Jan 14th, 2012 | By | Category: For Senior Women

A Relationship with Memories

The editor of AARP The Magazine, Nancy Perry Graham, wrote about making memories in a recent edition.  She wrote about a trip her mother, daughter and she took to New York City recently.  Her final paragraph struck a chord with me:  “The anxious and angry moments are fleeting; the mess from the play dough can be swept away. But the memories of good times together stay with us for a lifetime.”

I still feel the huge hole left in my life when my father died just two weeks ago. He was 96, so his presence in my life was forged both with many years of being together as well as a deep and abiding love that a daddy and daughter feel for each other.  I’m now forced to look for ways to make that hole go away, or at least get smaller so life doesn’t feel quite so empty.
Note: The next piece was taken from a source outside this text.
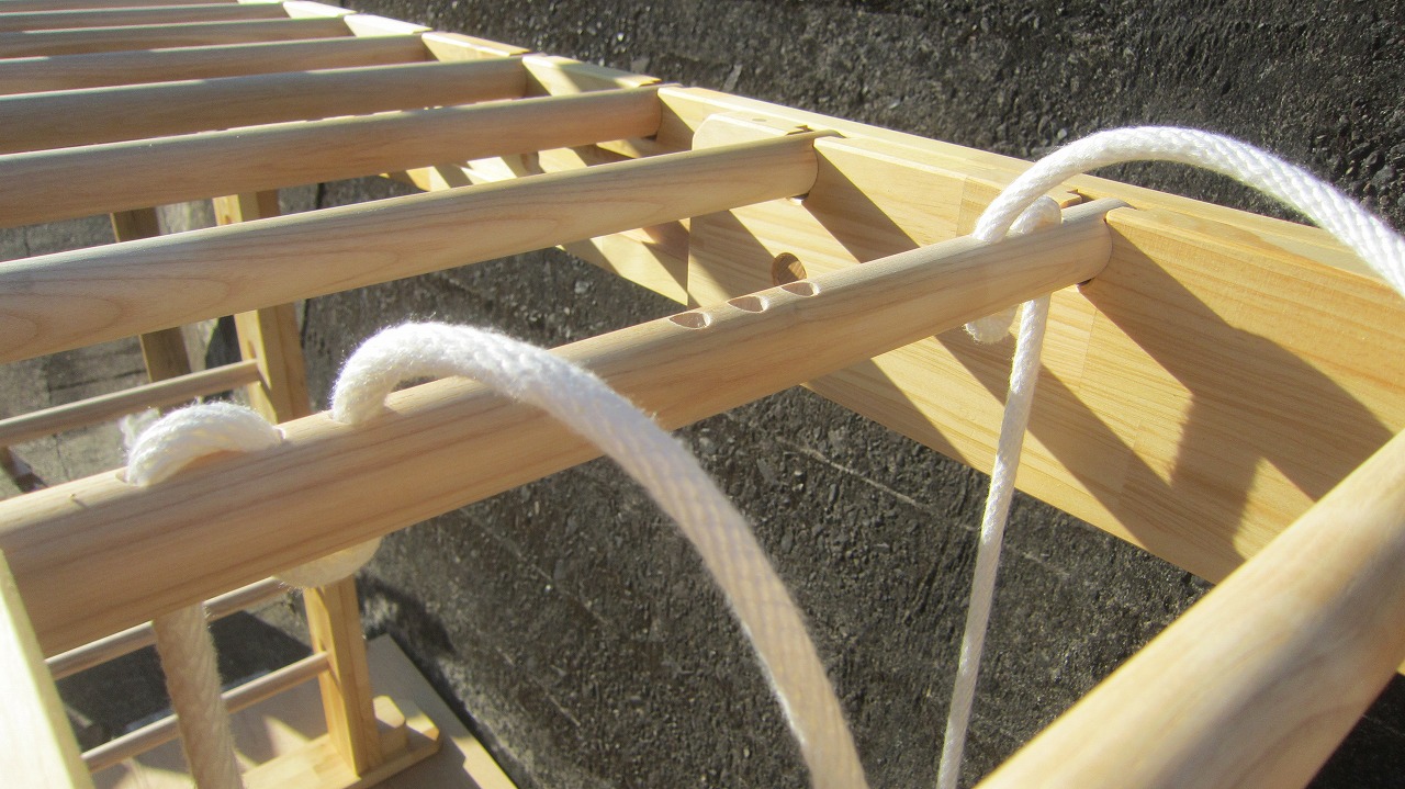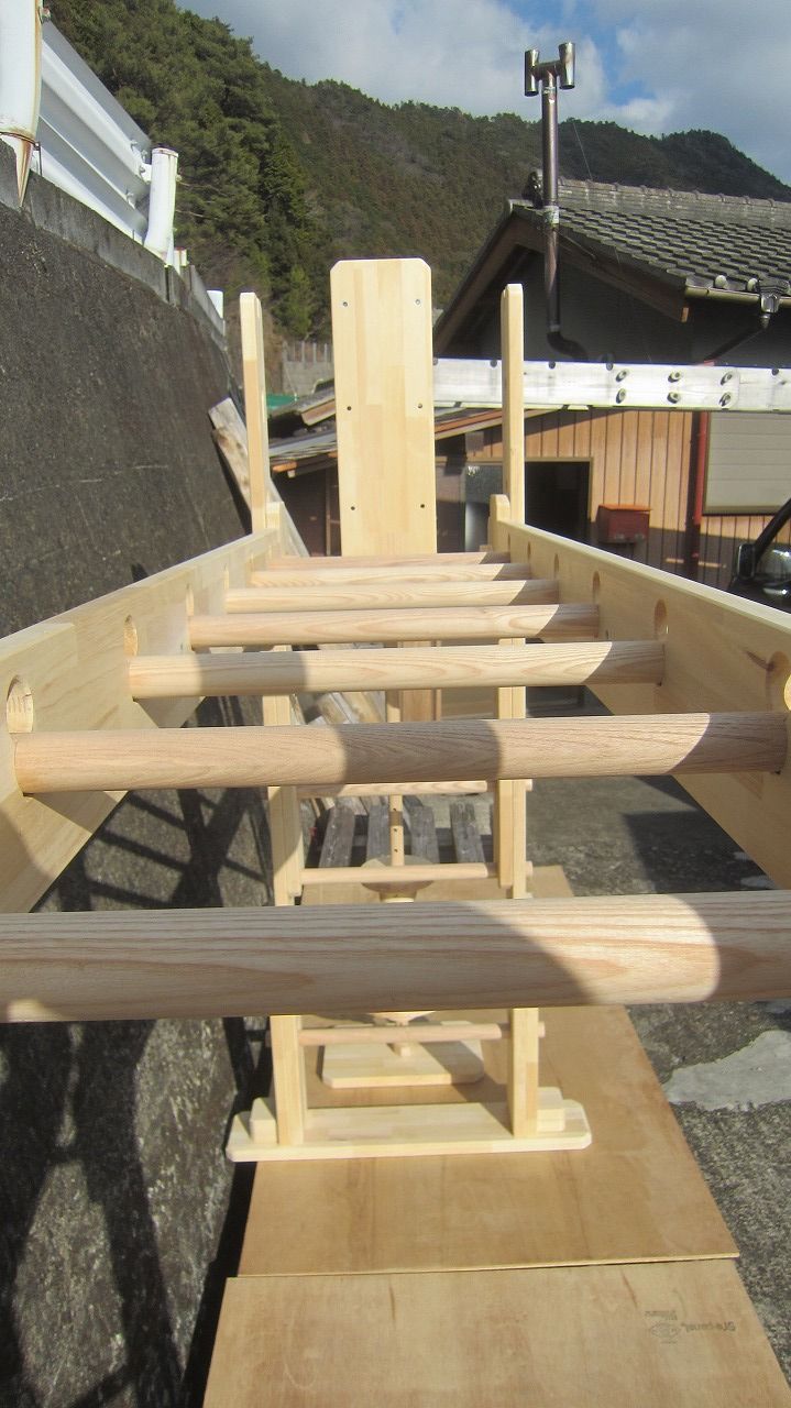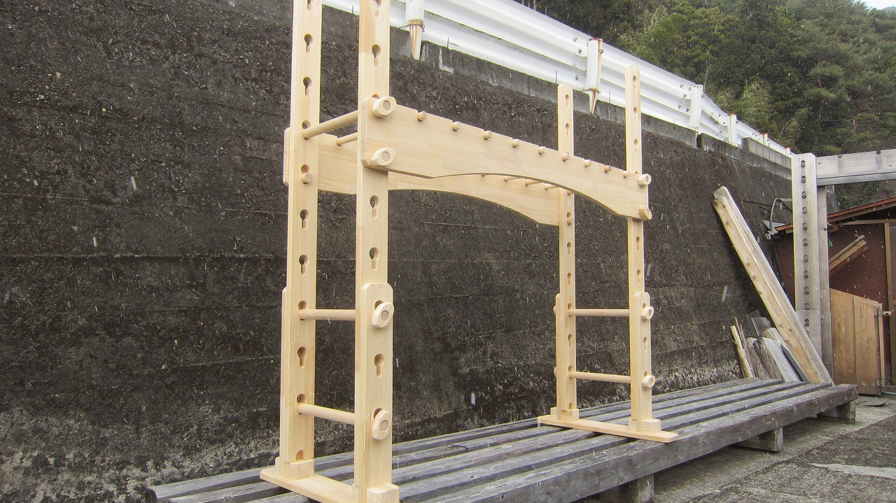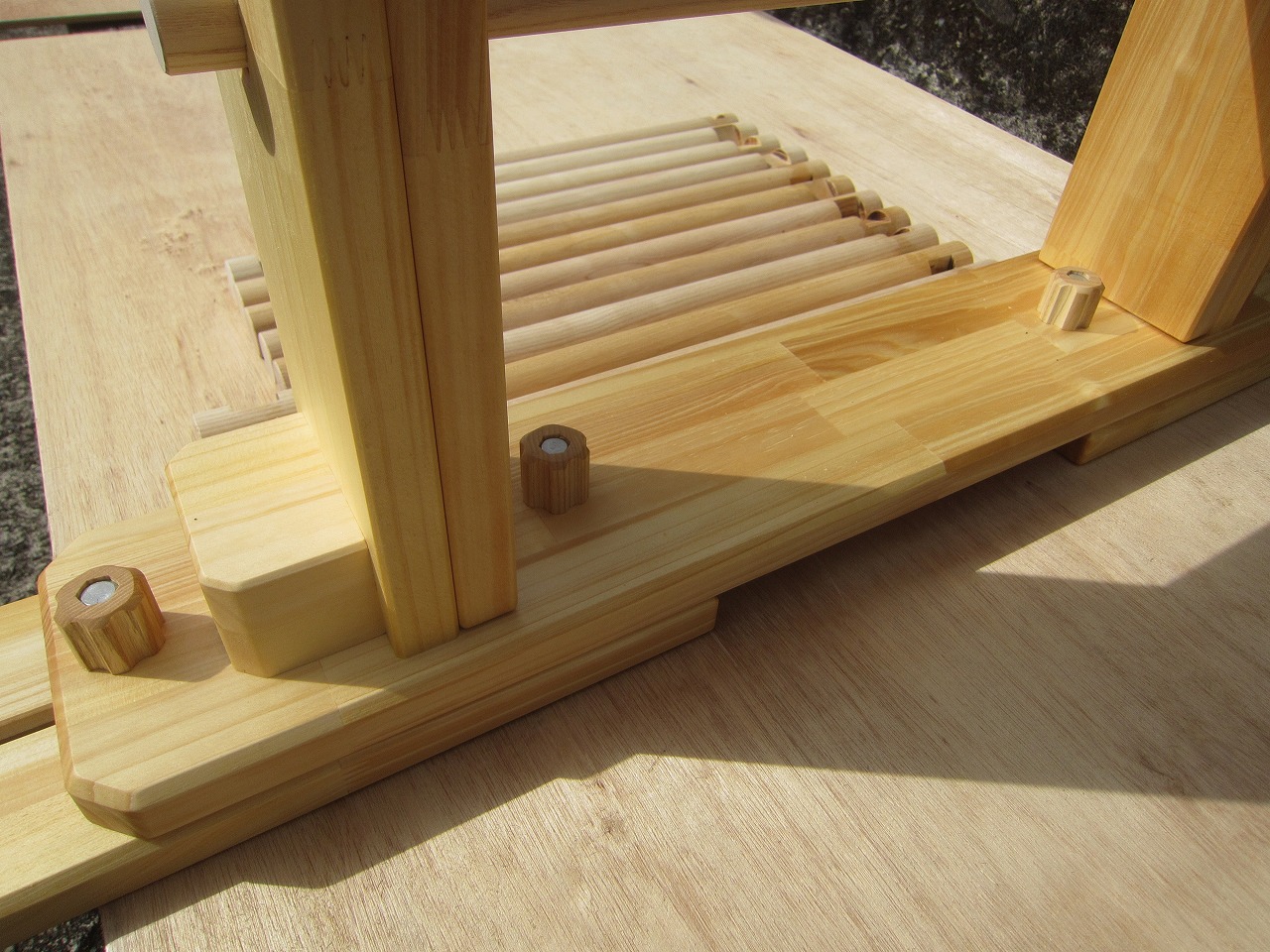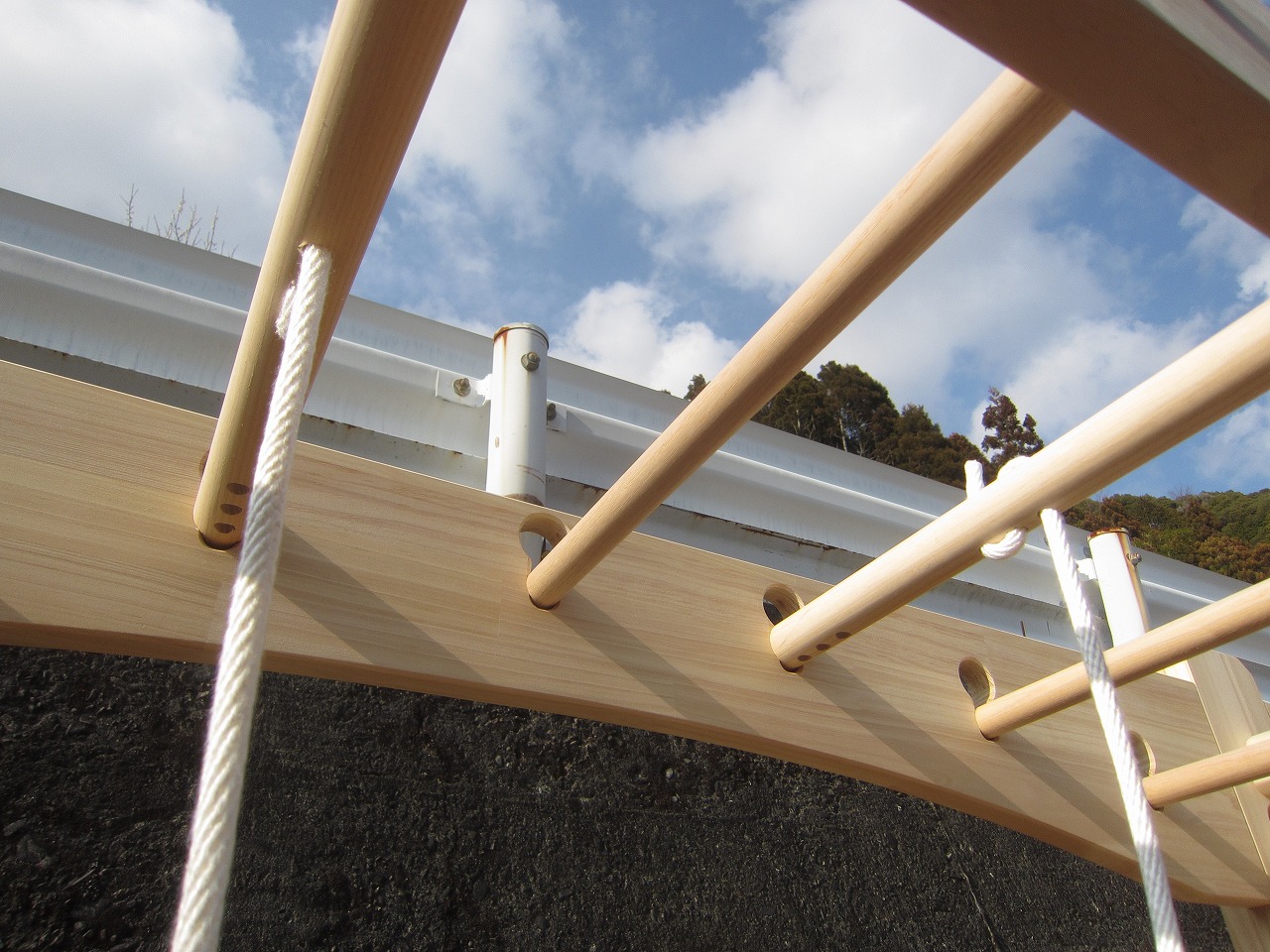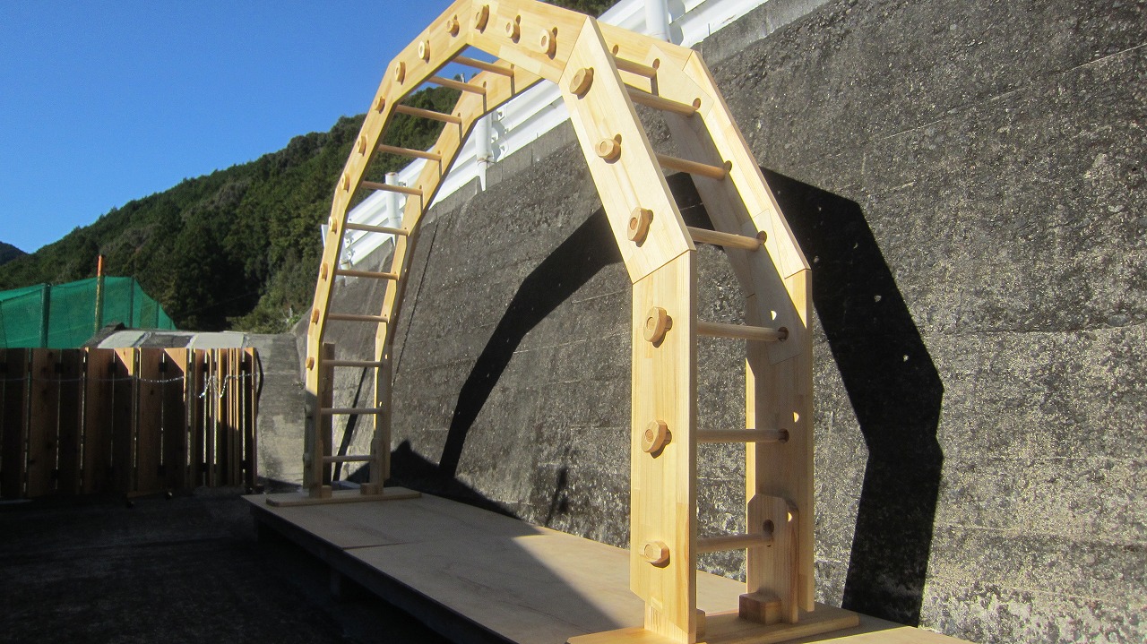 (組み立て案内)①土台用丸棒を使い、土台に柱を立てる。②任意の高さに柱用丸棒を取り付け、梁を組み込む。③木製ナットを締め付け、にぎり棒を取り付けて完成。※柱の丸棒穴に付いたへこみ跡を再利用すると組みやすいです。

Memories, Distant and Recent

And I’m now beginning to realize the answer is in the memories, such as Graham wrote about.  Memories of a childhood with my hard-working father who always made time to help us trim the Christmas tree, cut the pumpkins faces for our jack-0-lanterns, come to all our piano and organ recitals, attend church on Sunday mornings, teach us how to drive a car and give each of us away on our wedding day.

Our family vacations were such fun!  We went fishing in Northern Minnesota because Daddy loved to fish.  But my sisters and I loved water skiing, so the compromise was to fish every morning and water ski every afternoon.  He loved driving the boat and pulling us on skis behind him.  Mom spent half her time in the boat with him and the other half skiing with us.

He paid for college educations for all four of us, without a whimper.  He even helped with a couple of Masters degrees.  He and Mom took our Brazilian exchange-student sister into their home for almost a year, loving her and providing for her as they did for the four of us.

The most recent memories were intentionally created just three weeks before he died.  Jerry and I traveled to Arizona to spend two weeks there, creating memories that we knew would carry us beyond his earthly life.  We did not know how soon he would die.  We just knew he was failing.  So we had lunch or brunch or dinner together every day for 10 days, always with his favorite Merlot wine by his plate.  We laughed our way through those happy times, enjoying the witty things that would surface through his dementia.  And we always ended our days together with hugs and reassurances of our commonly shared love and devotion with him and our step-mom. He died 12 days after we departed.

The memories make all the difference.  The hole just got a little smaller, a little less daunting.